I cared only that San Francisco was “famous for food” and as foreign as Rome, Italy. The steep hills and the Transamerica building looked nothing like our coal-mining holler of Slate Creek. I’d never seen an actual, modern Chinese person like the beautiful woman glimpsed at .09 in the commercial linked above. I’d never ridden on a bus or a train, much less a cable car. And even my glamorous, Sorbonne-educated mother didn’t wear long gloves to the grocery store.
The promise of the land of “fluffy and fragrant” Rice-A-Roni burrowed deep into my subconscious. When the time came to put a proverbial stake in the ground as a young adult, there was no debating where I’d go. San Francisco was my predestination.
At an anthroposophical biography workshop I attended in the 90s, I learned we all tend to feel more at home in the place where we took our first steps. That – for me – just happened to be San Francisco! My father was stationed at the Presidio during my first year on the planet, and we briefly lived across from what was then called “the French Hospital.” I went from crawling to walking in that 5th Avenue apartment and practiced my new skill all over town – at the Palace of Fine Arts, in Golden Gate Park, at Baker Beach, in Chinatown, at Fisherman’s Wharf, at Land’s End. (I have no memory of it, but there’s photographic evidence.)

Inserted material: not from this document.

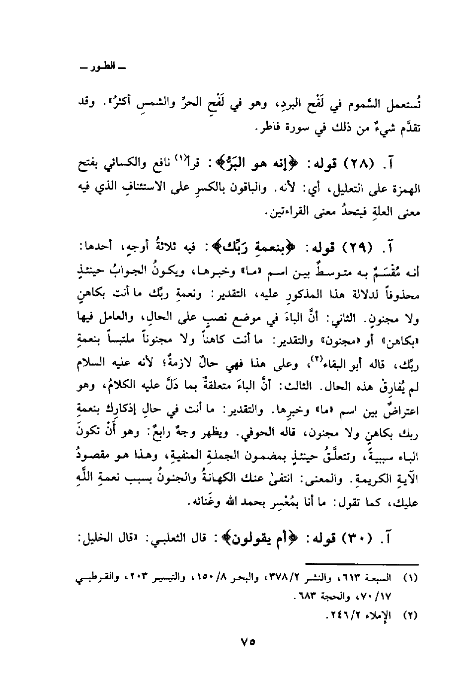 قوله: {بِنِعْمَةِ رَبِّكَ} : فيه ثلاثةُ أوجهٍ، أحدها: أنه مُقْسَمٌ به متوسطٌ بين اسم «ما» وخبرها، ويكونُ الجوابُ حينئذٍ محذوفاً لدلالة هذا المذكورِ عليه، التقدير: ونعمةِ ربِّك ما أنت بكاهنٍ ولا مجنونٍ. الثاني: أنَّ الباءَ في موضع نصبٍ على الحالِ، والعامل فيها «بكاهن» أو «مجنون» والتقدير: ما أنت كاهناً ولا مجنوناً ملتبساً بنعمةِ ربِّك، قاله أبو البقاء، وعلى هذا فهي حالٌ لازمةٌ؛ لأنه عليه السلام لا يُفارِقْ هذه الحال. الثالث: أنَّ الباءَ متعلقةٌ بما دَلَّ عليه الكلامُ، وهو اعتراضٌ بين اسم «ما» وخبرِها. والتقدير: ما أنت في حالِ إذكارِك بنعمةِ ربك بكاهنٍ ولا مجنون، قاله الحوفي. ويظهر وجهٌ رابعٌ: وهو أَنْ تكونَ الباء سببيةً، وتتعلَّقُ حينئذٍ بمضمون الجملةِ المنفيةِ، وهذا هو مقصودُ الآيةِ الكريمةِ. والمعنى: انتفى عنك الكهانةُ والجنونُ بسبب نعمةِ اللَّهِ عليك، كما تقول: ما أنا بمُعْسِر بحمد الله وغَنائه.

Perhaps those first steps in San Francisco cemented my connection once I returned here in my 20s, but I’m pretty sure McCann Erickson (the agency that created those ads) is to thank for luring me here. The city I met as a baby and as a young adult is gone forever, yet a walk on Marina Boulevard (where nothing has really changed) can time-travel me back to the magical kingdom where cable cars played the Rice-A-Roni song. I highly recommend you check it out yourself. It’ll be your San Francisco treat.